Because fitness analyses require large amounts of data gathered from a single strain over an extended period of time, we selected one replicate of the SARS-CoV-2 Delta variant and tracked it over the course of seven passages. After each passage, we monitored its genome by Cirseq, ultimately sequencing 155 billion bases and covering each base 1.7 million times on average. This sequencing effort allowed us to identify 64,967 unique mutations across all passages, with each mutation being observed 42 times on average, for a total of 2.7 million mutation observations. Because the SARS-CoV-2 genome is ∼30,000 bases in length, and each base can be mutated into 3 different nucleotides, a total of ∼90 K base substitutions is theoretically possible, meaning that we identified 66% of all possible mutations in the SARS-CoV-2 genome. We then used this dataset to determine the consequences of C → U mutations on viral evolution by characterizing their impact on the fitness of the SARS-CoV-2 virus with a strategy previously employed for the polio virus⁵. Due to technical considerations, we did not determine fitness values for other base substitutions (see “Methods” section). Briefly, the fitness of a mutation is related to its change in frequency between consecutive passages as described in the following equation:

$${f}_{n}={f}_{n-1}\times w+{\mu }_{n-1}$$

(1)

With f_n and f_n₋₁ being the observed frequency of the mutation at passages n and n − 1, w the relative fitness, and µ the rate of C → U substitutions. (Fig. 4A and Supplementary Data 1). These fitness values were calculated as a weighted average of the fitness values derived at each of the seven passages, so that values with higher coverage (and thus higher precision) contribute more to the final estimates. We performed three tests to determine the veracity of these fitness values. First, we separated the C → U mutations into three groups and found that, as expected, synonymous C → U mutations were less deleterious than non-synonymous C → U mutations (0.78 vs 0.70, P = 2.0 × 10^-6, Mann–Whitney U-test), and non-synonymous mutations were less deleterious than non-sense mutations (0.70 vs 0.62, P = 0.006, Mann–Whitney U-test). In a second test, we examined the fitness values of mutations that were predicted to be either lethal or highly detrimental because they produce a PTC, or because they were absent from the 8 million genomes alignment. We found that these mutations displayed significantly lower fitness values compared to all the other mutations we detected (mean fitness: 0.38 vs 0.73, P = 3.4 × 10^-4, Mann–Whitney U-test). Moreover, mutations with similar fitness values frequently clustered together, as expected of mutations that affect similar regions of the genome or the proteome (Fig. 4B). Finally, we compared our fitness estimates to studies that used changes in mutation frequency throughout the SARS-CoV-2 phylogeny to infer fitness values^20,21. When we compared our values to the only other study to provide fitness estimates for both synonymous and nonsynonymous mutations²¹, we found a moderate but significant correlation between our data and this independent dataset (r = 0.47, P < 2 × 10⁻¹⁶, Fig. S6). Together, these analyses strongly support the idea that our algorithms provide predictive information about the impact of mutations on viral fitness.

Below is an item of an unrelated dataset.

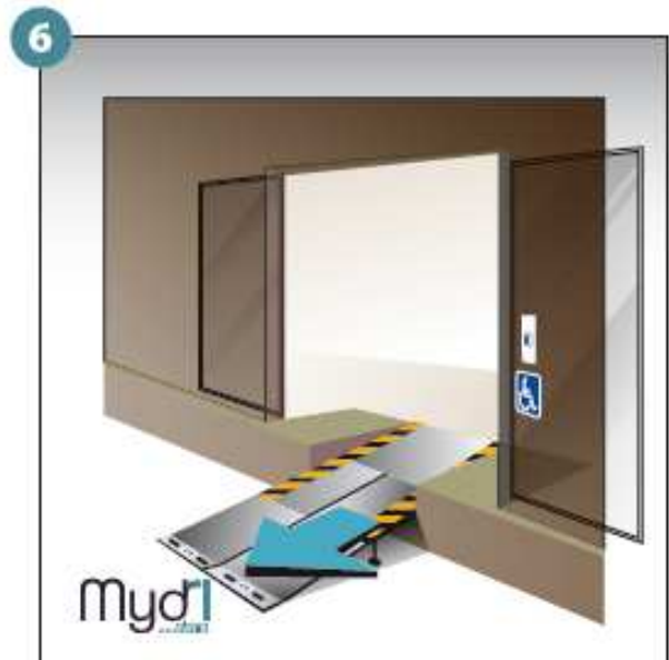
6 - Répéter les opérations pour le deuxième volet

**Fig. 4: Fitness analysis of SARS-CoV-2 mutations.**

Paired bases contribute disproportionately to SARS-CoV-2 fitness

Next, we used our fitness values to investigate why synonymous C → U mutations are selected against in the SARS-CoV-2 genome, even if they occur at 4-fold degenerate sites. Potentially, this phenomenon could be explained by stronger, more frequent purifying selection against synonymous mutations in SARS-CoV-2 compared to other viruses, such as the polio virus⁵. It was recently shown that the SARS-CoV-2 genome adopts a highly specific secondary structure²² and that bases that pair with each other to form these structures tend to display lower nucleotide diversity²³. Interestingly, we observed a similar specificity for secondary structures in our CirSeq dataset. The enzyme used to fragment viral RNA (RNAse III) prefers to cleave RNA at specific double-stranded structures, causing strong peaks and valleys in genome coverage that reflect the secondary structure of the SARS-CoV-2 genome. We found that these coverage peaks are identical between all the variants we tested, indicating that the secondary structure of the genome is highly conserved across the SARS-CoV-2 phylogeny (Fig. S7). Based on these observations, we hypothesized that the need to preserve this secondary structure could be a significant factor driving purifying selection against synonymous mutations. To test this hypothesis, we split synonymous C → U mutations into two groups: those that form base-pair interactions (henceforth referred to as “paired” sites) and those that do not (henceforth referred to as “unpaired” sites). This classification is based on a study that used DMS MapSeq to determine whether nucleotides are paired or not²².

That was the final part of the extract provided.